The Public Company Accounting Oversight Board today voted unanimously to propose for public comment a standard that would apply when auditors report on the elimination of a material weakness in a company's internal control over financial reporting. The proposed standard would establish a voluntary engagement that would be performed at the election of the company.
Section 404 of the Sarbanes-Oxley Act of 2002 requires public companies to annually provide the investing public with an assessment of the company’s internal control over financial reporting. The company’s independent auditor must attest to, and report on, management’s assessment. As companies have begun to include these reports in their annual financial statement filings, investors are receiving more information about the company’s financial reporting process than was available to them in the past.
In some cases, the company’s management and auditor agree that the company’s internal control over financial reporting is effective. In other cases, management’s assessment of the company’s internal control may reveal that the company has one or more material weaknesses - a serious defect in the company’s internal control over financial reporting.

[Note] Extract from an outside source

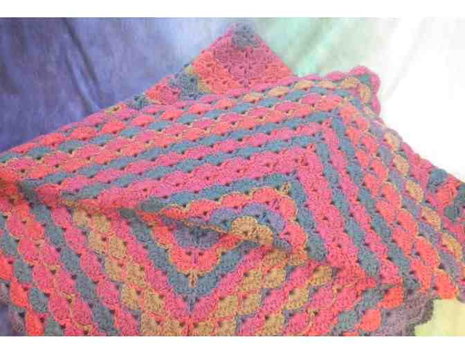 A lovely Afghan 54” x 54”. Created with love by Yvette Yelovina, who has been “crocheting for 45 years and loving every minute of it”. This a pandemic project, using Caron Big Cakes yarn.

When a company eliminates a material weakness, it may determine that disclosure is sufficient. Investors and companies, however, have called for the ability to bolster confidence in management’s assertions about those internal control improvements with the added assurance of the company’s independent auditor. The Board, therefore, proposed a standard for auditors to provide this assurance when, in the company’s judgment, such assurance would be appropriate.
The proposed standard would establish a stand-alone engagement that is entirely voluntary, performed only at the request of the company. Providing a specific standard governing such auditor reporting will facilitate implementation of the requirements of Section 404 of the Act and provide for additional assurance regarding the reliability of public company financial reporting.
The Board will seek comments on the proposed standard for 45 days and will carefully consider all comments received. Following the close of the comment period on May 16, 2005, the Board will determine whether to adopt a final standard, with or without amendments. Any final standard adopted will be submitted to the Securities and Exchange Commission for approval.
The archived webcast of the Board meeting can be found on the Board's Web site.